Pornography and the new illiberalism: the Digital Economy Bill

A 19th-century drawing after Raimondi, illustrating Aretino’s I Modi; access to Aretino’s work was restricted in most countries due to its being placed on the Catholic Church’s Index

One of the unfortunate consequences of the political hurricane that is Brexit and Trump is that, drowned out by the noise and the mayhem, many political and legislative developments have slipped by quietly and largely unnoticed. The passage of the Investigatory Powers Act (which awaits royal assent) and the Digital Economy Bill (which has completed its legislative stages in the House of Commons, and now moves onto the House of Lords, with a view to it passing into law in 2017) is a case in point. Both are appalling pieces of legislation containing numerous problems—yet there has been little public debate about either of them. Here I’m going to discuss only the Digital Economy Bill, a piece of legislation that deals with several broad issues pertaining to digital communications, above all piracy, file sharing, copyright and pornography. At the risk of disappointing readers, I will focus here solely on that driest of topics: pornography.

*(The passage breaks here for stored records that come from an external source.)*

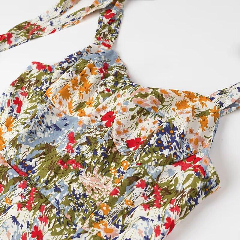 2025 Primavera Nuevo Europeo y Americano Transfronterizo para Mujer Elegante Moda Tirante Ancho Estampado Vestido Sling w091 2591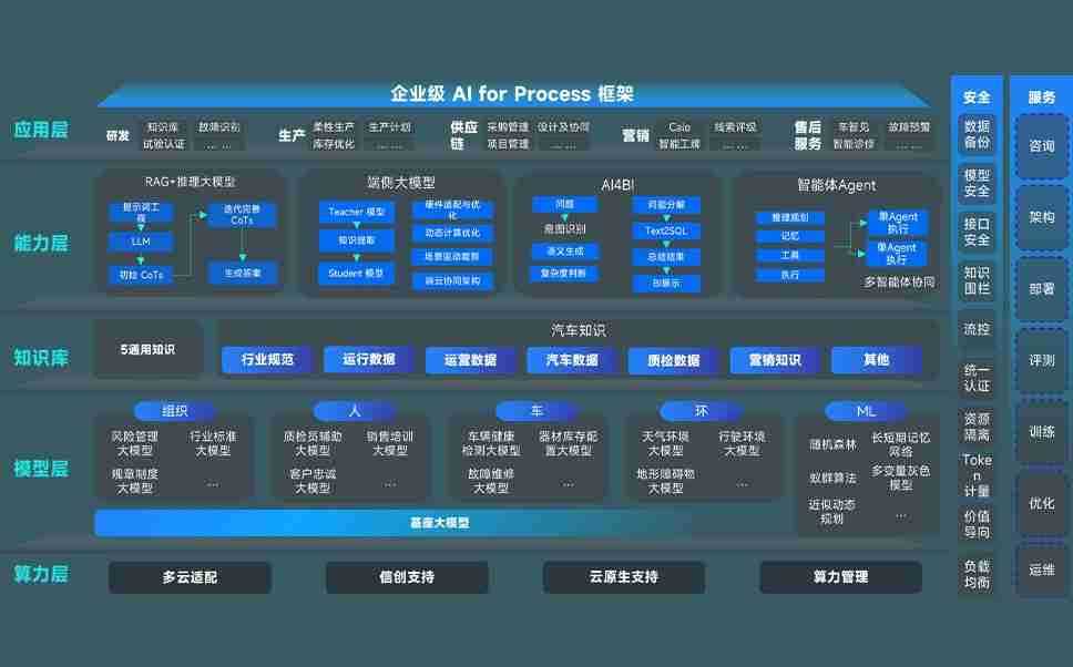 奇亿娱乐问学智车解决方案是一套基于AI技术的汽车行业智能化系统,,,,覆盖从底层算力到顶层AI应用的全栈方案。。。。方案由算力层、、、、模型层和应用层组成:算力层,,方案支持多种一体机配置,,,,具备云端灵活部署、、、多云适配以及动态优化计算资源的能力;模型层,,,奇亿娱乐问学平台版提供了企业级AI应用一站式构建与管理平台,,支持基于后训练强化技术的汽车企业专属模型的训练、、、评测和运营;应用层,,奇亿娱乐问学DeepSeek版提供包括超级员工、、、、智能招采、、、、智能营销、、智能客服、、AI for BI等一系列解决方案,,,可助力汽车行业实现数字化转型,,,让管理更智能、、响应更敏捷。。。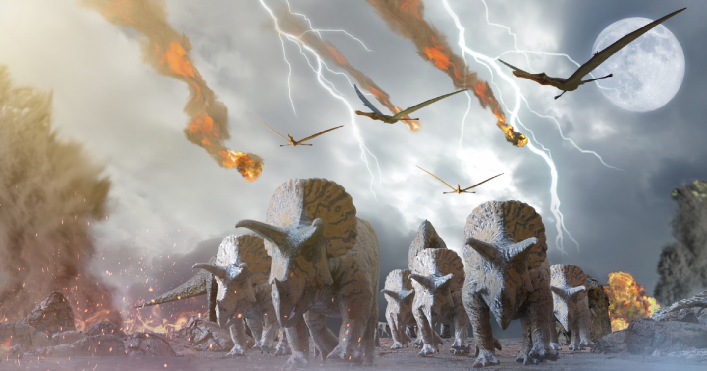L'asteroide che 66 milioni di anni fa cadde sulla Terra provocò l'estinzione del Cretaceo-Paleogene, la quinta della serie di estinzioni di massa avvenute negli ultimi 540 milioni di anni e che cancellò il 60% delle specie esistenti allora.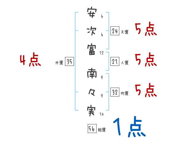 外運![]() | 安次富南々実さんの外運は35画の4つ星!温厚な性格で感受性が高い。穏和な性格で人望が厚い。 生活面を象徴する運勢です。外部から受ける影響力を表し、結婚運、家庭運や職場、環境への順応性を表します。 |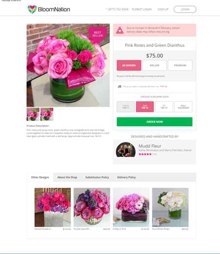 For the over 3,000 artisanal florists part of BloomNation, the company creates a variety of ecommerce tools for them to bring their physical business to the online world, including a free custom website, floral photo shoots of their actual images (see image below), PR opportunities, SEO optimization, a POS system for free and more. Florists also receive 90 percent of each sale, whereas on other flower sites, florists only end up with about 50 percent of the complete order after all is said and done, ultimately either breaking even or losing money on the sale.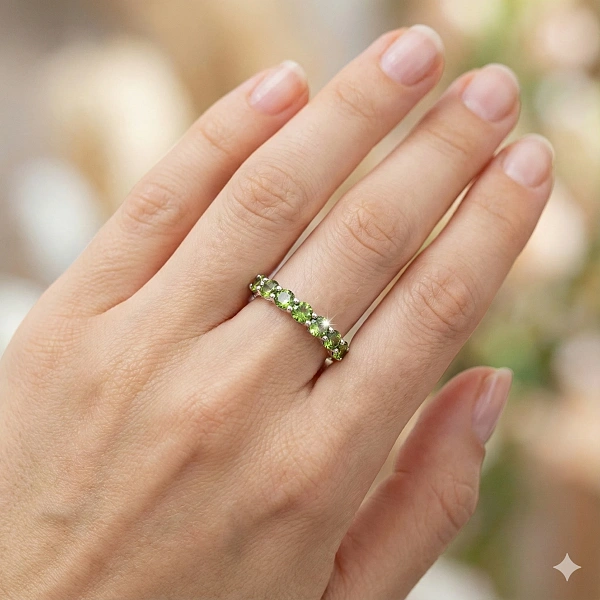 Кольцо из серебра с хромдиопсидами — эксклюзивное украшение компании «ЭПЛ Даймонд». Это идеальный подарок для близкого человека, возможность продемонстрировать свой статус, хороший вкус. В изделии используются бриллианты высокой чистоты и прозрачности, без изъянов. Серебро великолепно смотрится на руке, хорошо сочетается с другими украшениями. Соберите свой собственный гарнитур в ювелирном магазине «ЭПЛ»! Вес изделия: 2.53 грамма.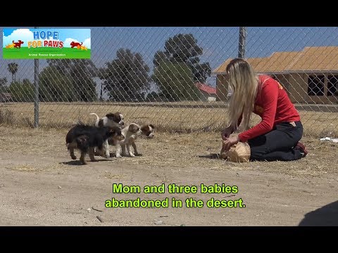 Когато един добър самарянин видя това семейство изоставен на офроуд в пустинята (2.5 часа източно от Лос Анджелис), започна да ги храни... мама и три бебета. Като се има предвид, че има толкова много койоти в областта, това е невероятно, че е оцелял!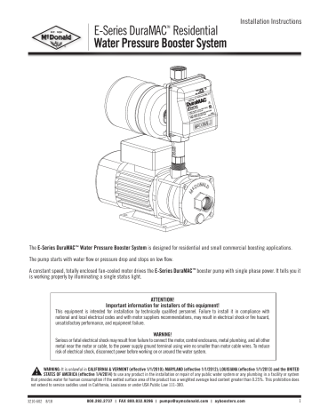 PDF Universal Booster Pump Installation the LA01N booster pump it manufactures, including all parts and components thereof, to be free of defects in material and workmanship. The warranty commences on the date of installation of the pump and shall remain in effect for a period of twelve months, but in no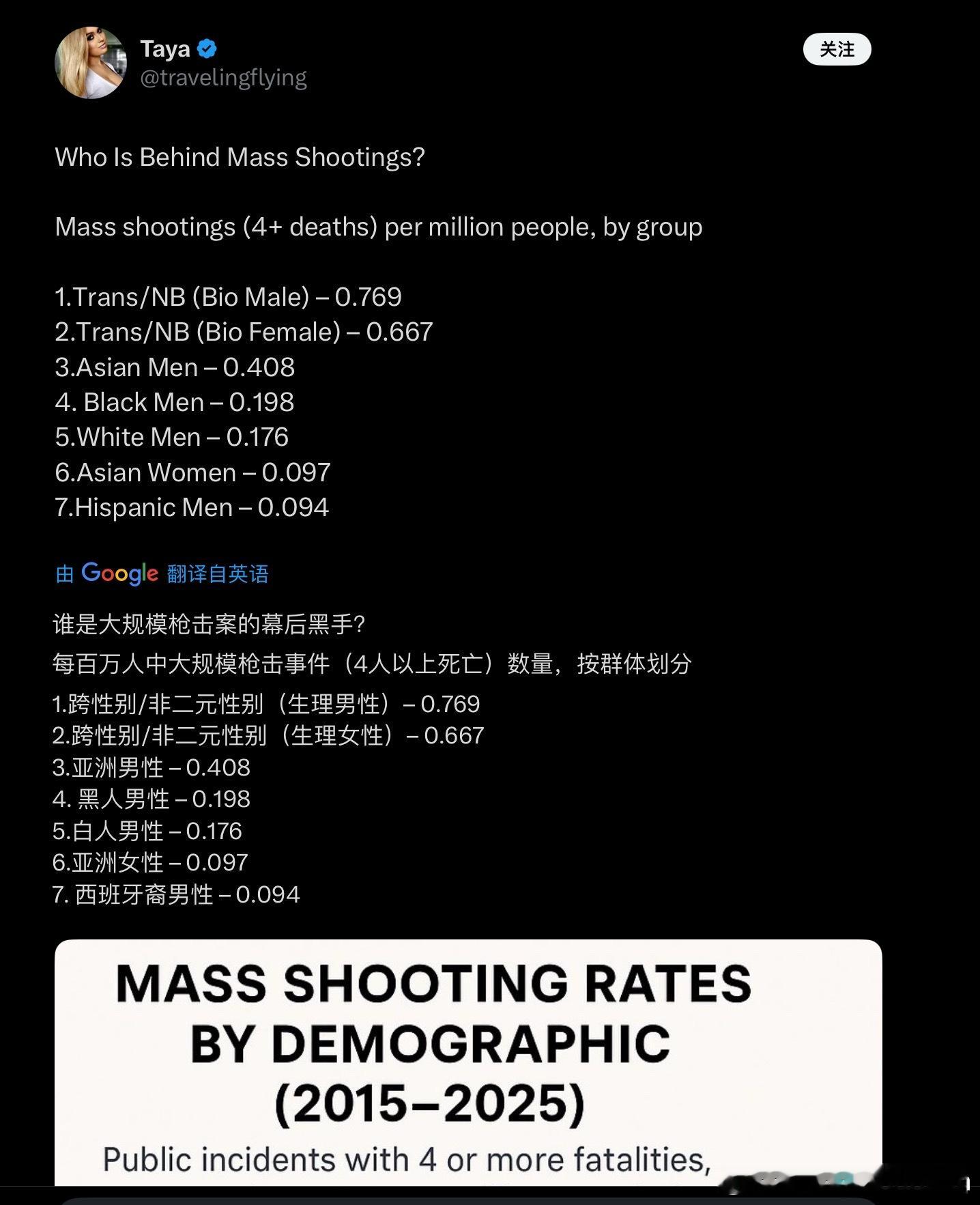 说什么亚裔男性和亚裔女性分别是美国大规模枪击案的最大“幕后黑手”,犯罪率远高于白人、黑人和拉美裔。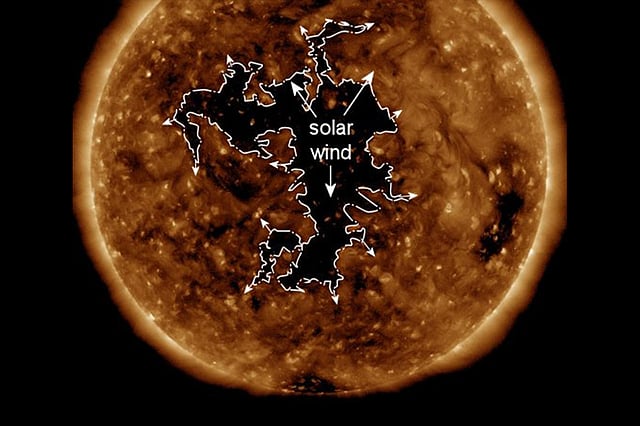وأثناء دوران الشمس حول نفسها، تطلق جزيئات مشحونة تتحرك بسرعة هائلة تتراوح بين 400 و800 كيلومتر في الثانية الواحدة، ويمكن أن تسبب هذه الرياح الشمسية فور وصولها إلى الغلاف الجوي للأرض ظهور الأضواء الشمالية أو الشفق القطبي.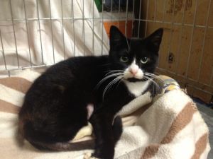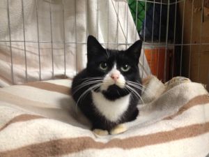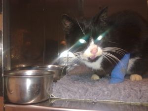 Los primeros días los pudo pasar acogido pero desgraciadamente luego tuvo que ir a una jaula donde las compañeras le han estado atendiendo y cuidando.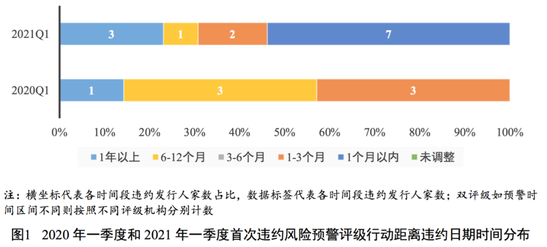 2021年一季度,我國債券市場13家新增違約發行人中有12家在違約前具有有效信用等級,違約事件發生前評級機構均通過各類評級行動進行了風險預警[7],首次違約風險預警評級行動日期距離違約日期時間在1個月以內的有7家,1~3個月(含)的有2家,6~12個月(含)的有1家,1年以上的有3家。整體來看,2021年一季度信用評級的預警及時性較2020年一季度有所下降,主要系海航集團流動性危機較早爆發且風險處置工作復雜,部分海航系發行人因技術性因素(無法提供跟蹤評級所需資料等)導致評級預警動作滯后。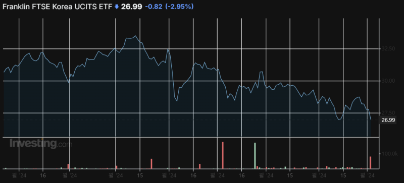 다른 한국 관련 ETF들도 비슷한 흐름을 보였다. 프랭클린 FTSE 한국 UCITS ETF(FLXK)는 장중 8.29% 하락한 25.77달러까지 떨어졌다가, 26.99달러로 반등해 2.95% 하락으로 마감했다. FLXK도 한국의 주요 대형주와 중형주에 투자하는 ETF다.
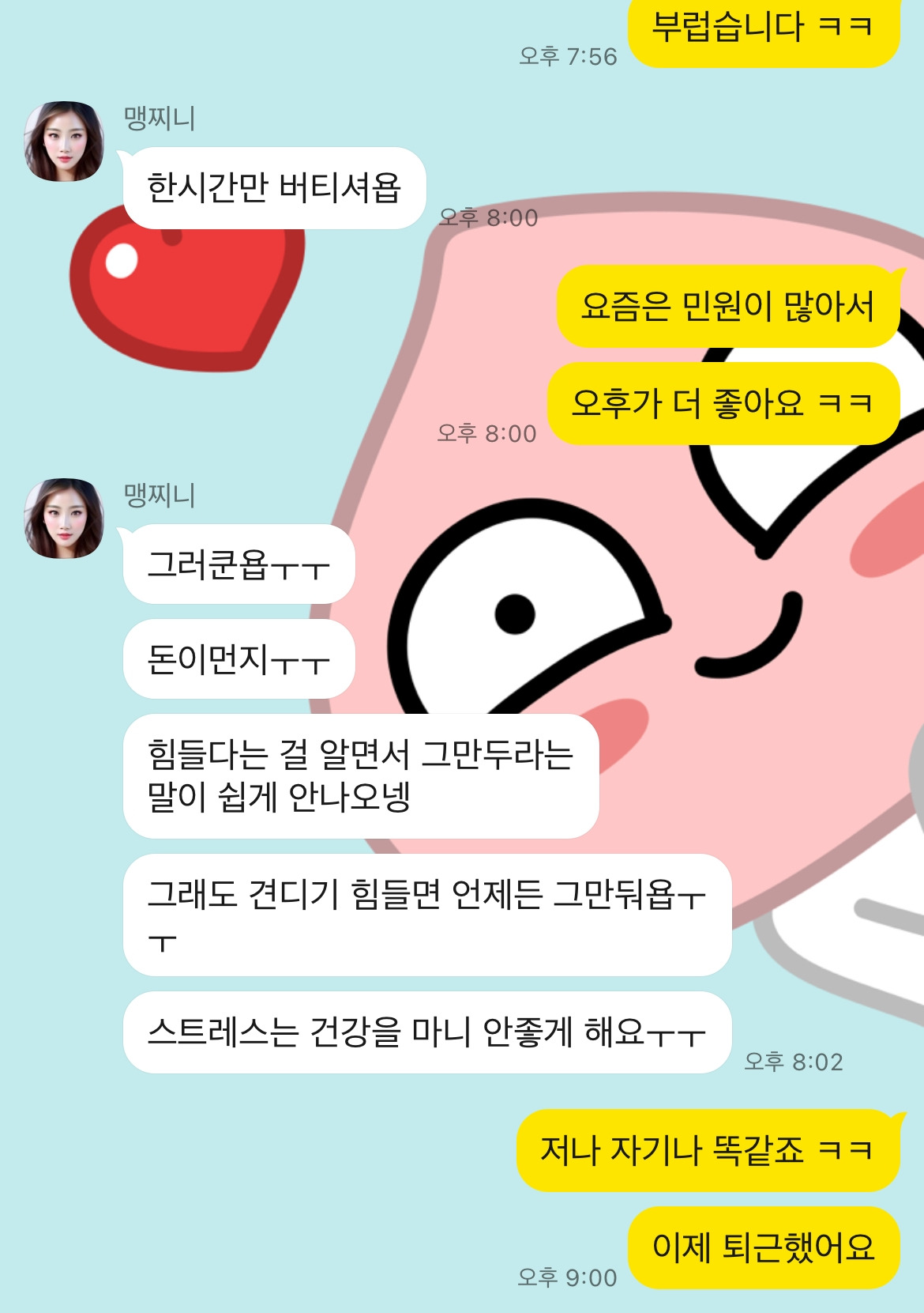 “그래. 고마워. 만약에 돈이 부족하면 쿠 X라도 할게.”

Perhaps some form of disclosure ought to preface my discussion. In principle I have no problem with pornography. Sex is an (occasionally) enjoyable and important part of being human; the opportunity to enjoy it, think about it and explore it through pornography and erotica is valuable. (I have written elsewhere about pornography’s historical relationship to radicalism, subversion, satire and freedom.) There are no good arguments, but many bad moral arguments, against the depiction of sex. When it comes to pornography, I am not far off being a libertarian. At the same time, however, I think most pornography is dreadful and has helped to create attitudes towards sex and sexuality which I find troubling; and there is no doubt that the pornography industry is frequently exploitative, and often downright nasty (although, to be fair, the same can be said about most industries and occupations). That a large proportion of pornography is boring, dreary, rubbish, horrible, or all four, and that many pornographic performers are exploited, do not, however, constitute reasons to ban pornography; rather, they should be met by artistic and ethical efforts, by good porn, by feminist porn, by ethical porn, by intelligent erotica. I am, I might add, quite a fan of erotica.

The Digital Economy Bill attempts to address a supposedly common source of popular anxiety: the easy accessibility of pornography to children. Whether or not this anxiety is exaggerated and hysterical, and whether it can be found beyond the pages and readers of the Daily Mail, is not something I can discuss with any authority; but moral panics are not unheard of. (What would be the point of the Daily Mail if it didn’t have a good moral panic to scream about?) Nevertheless, I’m led to believe that there evidently is a lot of pornography on the internet within easy reach, and children, being curious creatures, are wont to search for it. It would be trite to suggest that it is the responsibility of parents to manage and obstruct this curiosity; far better, the government and the morally righteous have concluded, would be to get the state to do the job.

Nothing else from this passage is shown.